Advocates for Social Security expansion hope to address the widening gap between healthcare and general inflation by adopting a COLA formula called the CPI-E (for elderly). This is an experimental index maintained by the U.S. Bureau of Labor Statistics that more accurately reflects the inflationary forces impacting seniors, such as healthcare. It has risen slightly more quickly than the CPI-W over the past decade – so it would help, but only a bit.
THE 2020 MATH
The 2020 Part B premium hikes will impact all but the lowest-benefit Social Security enrollees – those receiving $570 per month or less this year, according to the Senior Citizens League (SCL). This group will be protected by the so-called hold harmless provision of federal law, which protects Social Security enrollees from any decline in benefits. The rule prohibits the dollar increase in the Part B premium from exceeding the dollar increase in your Social Security benefit.
All other Social Security beneficiaries will bear the full weight of the Part B premium hike, and the higher deductible applies to everyone. Other Medicare enrollees who will pay full freight on the changes include anyone enrolled in Medicare who has not yet claimed Social Security, federal or state government workers who do not participate in Social Security but do use Medicare, and anyone enrolling in Medicare for the first time next year.
Affluent seniors who pay high-income Medicare premium surcharges also will see their premiums rise.
Since 2007, high-income enrollees have been paying surcharges on their premiums for Part B (outpatient services) and Part D (prescription drugs). Relatively few people on Medicare pay the so-called Income-Related Monthly Adjustment Amount (IRMAA). Roughly 7% of enrollees pay IRMAAs, according to Medicare.
IRMAA brackets are defined by a modified adjusted gross income (MAGI) formula that includes the total adjusted gross income on your tax return plus tax-exempt interest income. The determination is made using the most recent tax return made available by the IRS to the Social Security Administration. For example, the IRMAA you pay in 2019 would be based on AGI reported on your 2017 tax return. (You can appeal for a reduction if your income declined due to any one of a number of defined “life-changing” circumstances – and one of those is stopping work. File your appeal using Form SSA-44 from the Social Security Administration)
This year, IRMAA kicks in for single filers with MAGI above $85,000, and double that figure ($170,000) for joint filers. In that first bracket, for example, the Part B premium next year will be $202.40 next year. From there, the surcharges move up through a series of brackets; in the highest bracket, the Part B premium next year will be $491.60 – but only if you have $500,000 or more of MAGI. (If you are in that rarified air, you probably will not have much trouble shouldering your IRMAAs.)
Next year, IRMAA brackets will be indexed for inflation for the first time – and those figures also were announced by Medicare last week.
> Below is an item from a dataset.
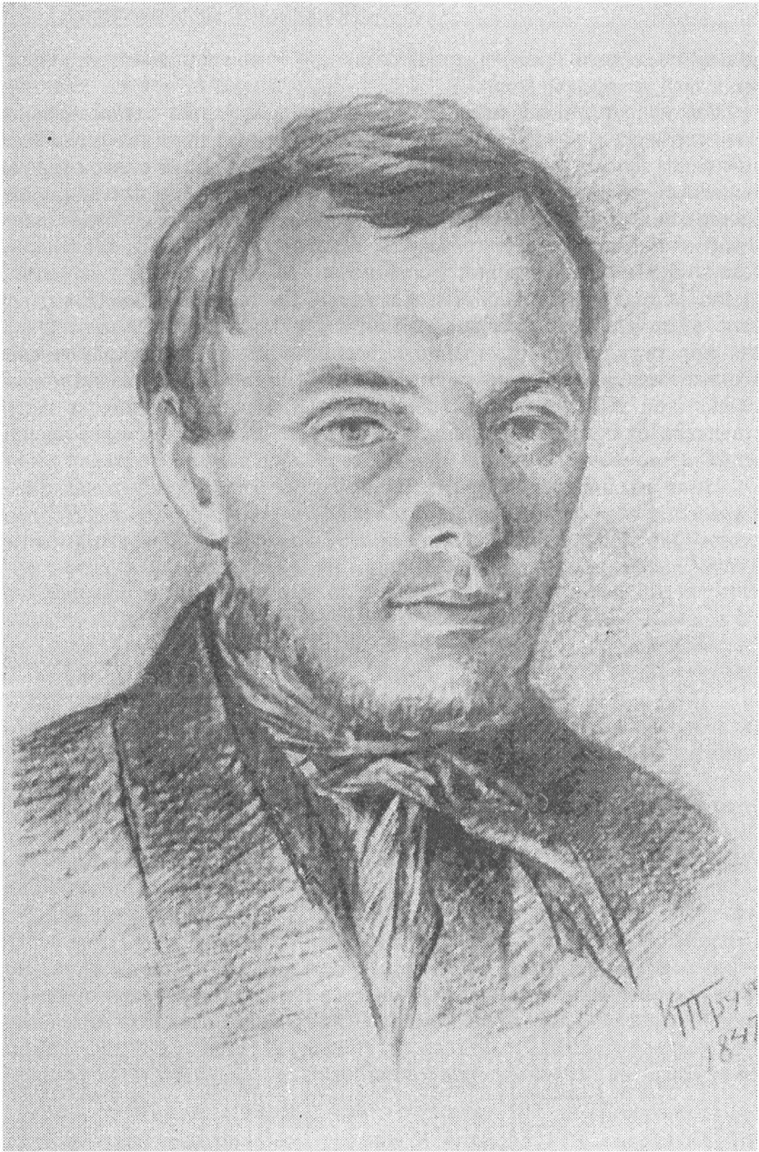
Графический портрет Ф. Достоевского с рисунка К. Трутовского (1847)

They begin for single filers with MAGI of $87,000 or above – joint filers simply double that number.
The costs of Medicare Part A also will be higher next year. Medicare enrollees do not pay premiums for Part A (hospitalization), but the deductible there will rise 3.2%, to $1,408 for the first 60 days of care. (Click here https://go.cms.gov/33KliaN for details on all the new Medicare premiums and deductibles.)
THE BROADER INFLATION QUESTION
An annual study by the Senior Citizens League has consistently found that the CPI-W fails to do an adequate job of keeping seniors even with inflation. The league’s report on the buying power of seniors looks at a market basket of goods, including prescription drugs, housing, health insurance, food and various taxes. The most recent report found that benefits have lost 33% of their buying power since 2000.
“Older Americans are not living on a fixed income,” said Mary Johnson, the Social Security and Medicare policy analyst for SCL. “They are attempting to live on a shrinking one – their standard of living is declining as their Social Security benefits purchase less.”